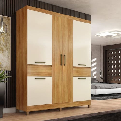PVC que ajudam proteger o móvel da umidade e oferecendo maior durabilidade. Acabamento da Prateleira: Pintura UV Escala de Brilho da Prateleira: Fosco Possui Cabideiros: Sim Acabamento da Gaveta: Pintura Texturizada UV Escala de Brilho da Gaveta: Fosco Possui Organizador de Gaveta: Não Acabamento da Porta: Pintura UV Escala de Brilho da Porta: Brilhante Material do Puxador da Porta: Plástico Acabamento dos Pés: Pintura Altura dos Pés: 10 cm Altura Máxima dos Pés: 10.0000 Ambiente Principal: Quarto codigo_ean: 7900288171368 Complexidade da Montagem: Alta: deve ser montado por um montador especializado Cor: Cinamon/Off-White Cor da Porta: Off White Cor do Produto: Cinamon/Off-White Cor do Puxador: Cromado Cor Flex: Não Cor Interna: Cinamon Escala de Brilho: Fosco Espessura da Estrutura (mm): 12 mm Espessura das Portas (mm): 12 mm Espessura das Prateleiras (mm): 12 mm Espessura do Fundo (mm): 3 mm Espessura do Fundo das Gavetas (mm): 3 mm Gaveta com Chave: Não Guarda-Roupa Suporta Até (kg): 40 kg Informações Complementares: As cores do produto podem sofrer variações de tonalidade de acordo com as configurações do seu dispositivo. Caixa revestida por plástico termoencohível e peças separadas por isomanta. O produto será entregue desmontado, acompanhado de manual de montagem e Itens Inclusos: 1 Guarda-Roupa, Ferragens e Manual de Montagem Linha ou Coleção: Mauá Manual de Especificação Técnica: https://product-hub-prd.madeiramadeira.com.br/751995473/documents/ba7a0dc0-f59b-41c7-81f1-c945486850702989131302817495737011273.pdf Manual de Montagem e Instalação: https://product-hub-prd.madeiramadeira.com.br/751995473/documents/8722a55b-92e8-48f3-af04-d4f5447afb4c78719manualdemontagem62760.pdf Marca: Demóbile Material da Gaveta: MDP Material da Porta: MDP Material da Prateleira: MDP Material dos Pés: PVC Material Principal: MDP modular: Não Montagem Flex: Não Necessita Montagem: Sim Nicho com Cabideiro: Não Origem do Produto: Nacional Peso: 77,55 kg Peso Máximo por Gaveta: 5 kg Peso Máximo por Prateleira: 5 kg Porta Janelada: Não Possui Calceiros: Não Possui Capelinha: Não Possui Espaço para Vestidos Longos: Não Possui Espelho: Não Possui Espelho Interno: Não Possui Ganchos: Não Possui iluminação: Não Possui Nichos: Não Possui Painel de TV: Não Possui Penteadeira: Não Possui Pés: 06 Possui Portas: Sim Possui Prateleiras: Sim Possui Sapateira: Não Produto Montado: Sim Quantidade de Cabideiros: 02 Cabideiros Quantidade de Gavetas: 02 Gavetas Quantidade de Prateleiras: 03 Prateleiras Recomendações de Uso, Manutenção e Limpeza: Utilizar flanela seca. Sapatas Niveladoras: Não Sistema de Montagem: Parafusos/Cavilhas Suporta Até (kg): 40 kg Tipo de Corrediça da Gaveta: Metálica Simples Tipo de Dobradiça/Corrediça da Porta: Metálica Tipo de Gaveta: Externa Tipo de Guarda-Roupa: Casal Tipo de Puxador da Gaveta: Embutido Tipo de Puxador da Porta: Externo
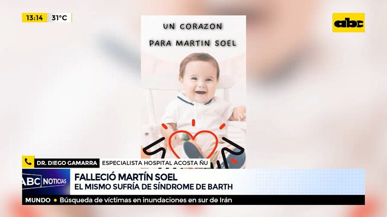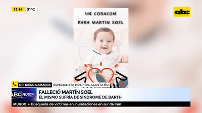 Este artículo tiene 3 años de antigüedad Este lunes, desde el Hospital Pediátrico Niños Acosta Ñu confirmaron el deceso del pequeño Martín Soel, de un año, quien estaba a la espera de un donante de corazón. El niño iba a ser conectado a un corazón artificial, pero sus condiciones clínicas se complicaron, impidiendo la realización del procedimiento. Además, los insumos para la cirugía no llegaron.
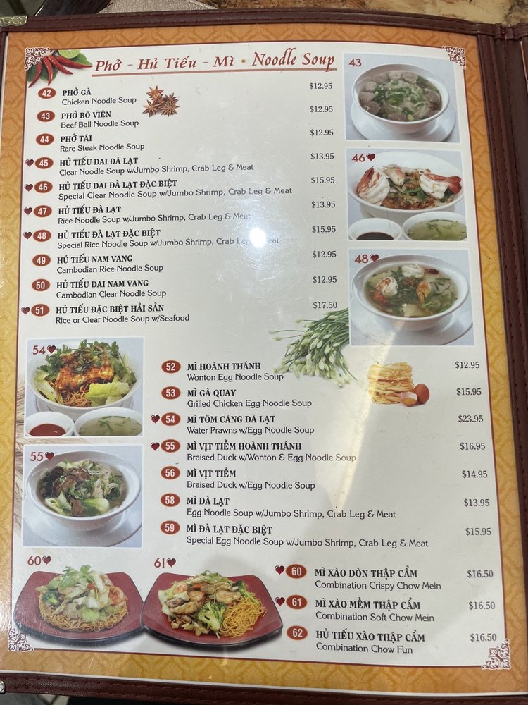 Dalat Restaurant, a Vietnamese gem located in San Jose, offers a diverse menu with options for all preferences. The restaurant provides delivery, takeout, and reservations, along with vegan and limited vegetarian choices. Despite some service and parking challenges, customers praise the consistent and delectable food. The combination tapioca noodles and Vietnamese iced coffee are standout favorites, showcasing the authenticity and quality of the dishes. The dry clear noodles with special sauce and crispy pork fat are highly recommended choices. With generous portions and flavorful broth, Dalat Restaurant is a must-visit for a comforting bowl of hu tieu noodles. This nostalgic spot, with its cozy atmosphere, is perfect for a quick lunch or dinner. Don't miss out on this hidden gem for an authentic Vietnamese dining experience.
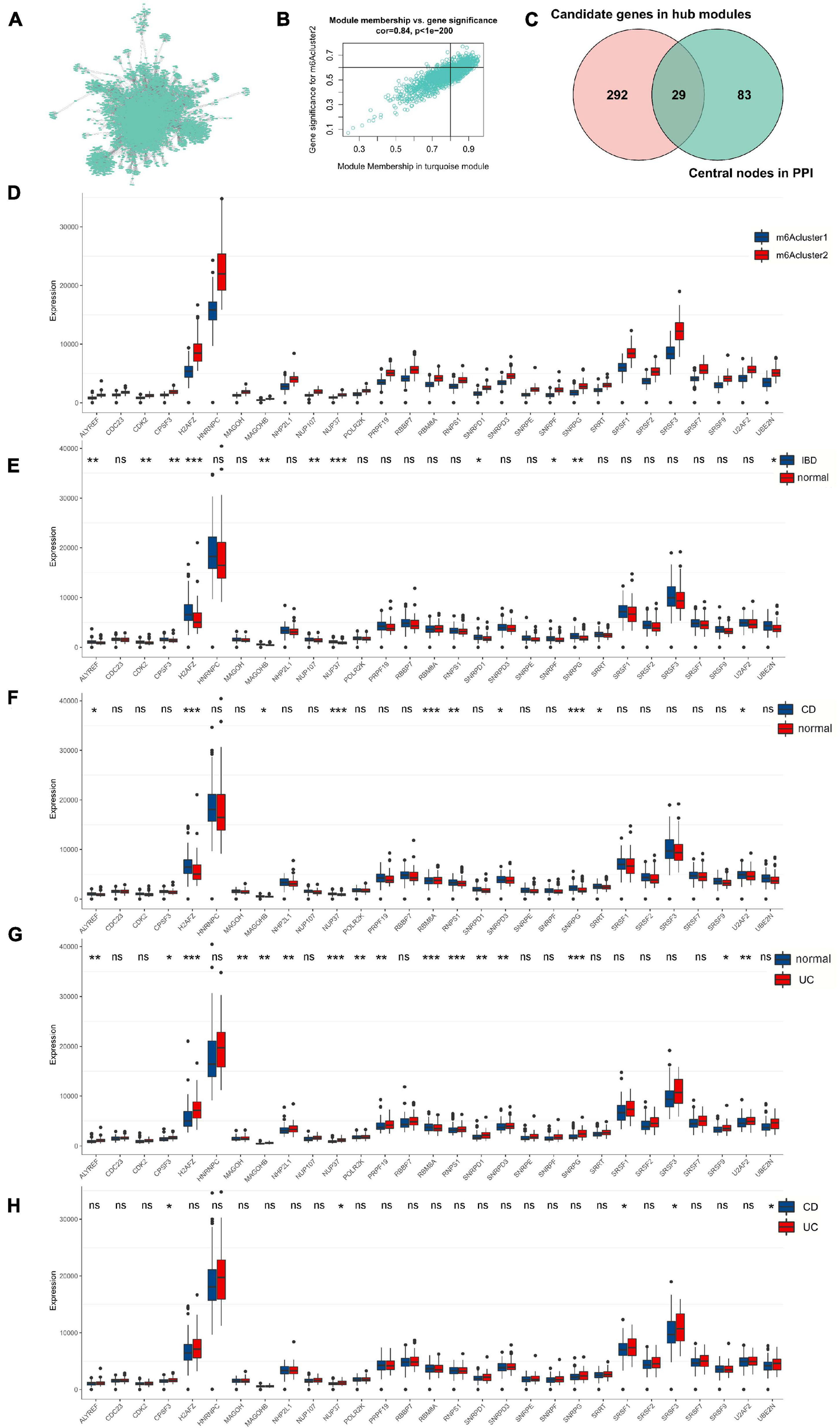 Twenty-nine m6A phenotype-related hub genes affect disease characteristics in IBD. (A) The PPI network of genes in the key module. (B) The significance genes in the turquoise module. (C) The hub genes of the interaction network are intersected with the hub genes identified in the m6A-related module. (D) The 29 genes’ expression in different m6Acluster classification. (E–H) The 29 genes’ expression between normal, UC, and CD tissues. The asterisks represented the statistical P-value (*P < 0.05; **P < 0.01; ***P < 0.001).
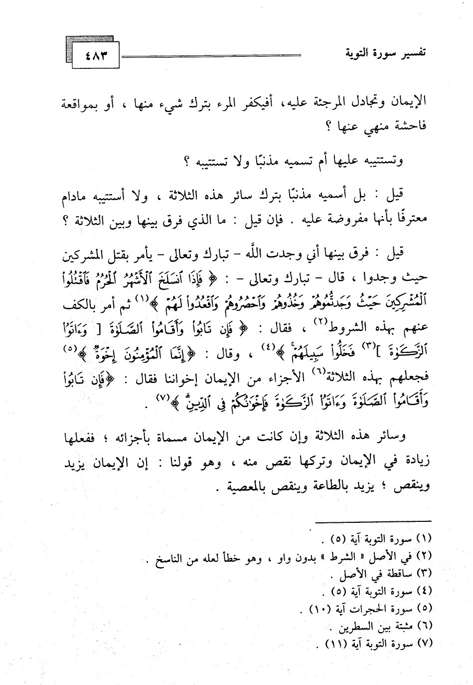 الإيمان وتجادل المرجئة عليه، أفيكفر المرء بترك شيء منها، أو بمواقعة فاحشة منهي عنها، وتستتيبه عليها أم تسميه مذنبا ولا تستتيبه.
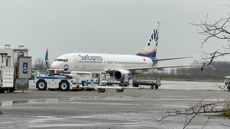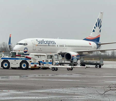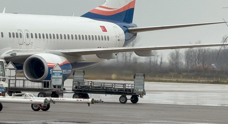 Samsun'dan İzmir'e gitmek üzere kalkışa hazırlanan SunExpress'e ait yolcu uçağı, kalkış sırasında sürüsüne çarpınca sefer iptal edildi, uçak aprona geri döndü.
•••••
_TASK BRIEF_
Reproduce exactly and only the lines from the "الإيمان وتجادل المرجئة" line to the last line of the records above. Do not carry over any pictures.

_SOLUTION FOR THIS PROBLEM_
 الإيمان وتجادل المرجئة عليه، أفيكفر المرء بترك شيء منها، أو بمواقعة فاحشة منهي عنها، وتستتيبه عليها أم تسميه مذنبا ولا تستتيبه.
 Samsun'dan İzmir'e gitmek üzere kalkışa hazırlanan SunExpress'e ait yolcu uçağı, kalkış sırasında sürüsüne çarpınca sefer iptal edildi, uçak aprona geri döndü.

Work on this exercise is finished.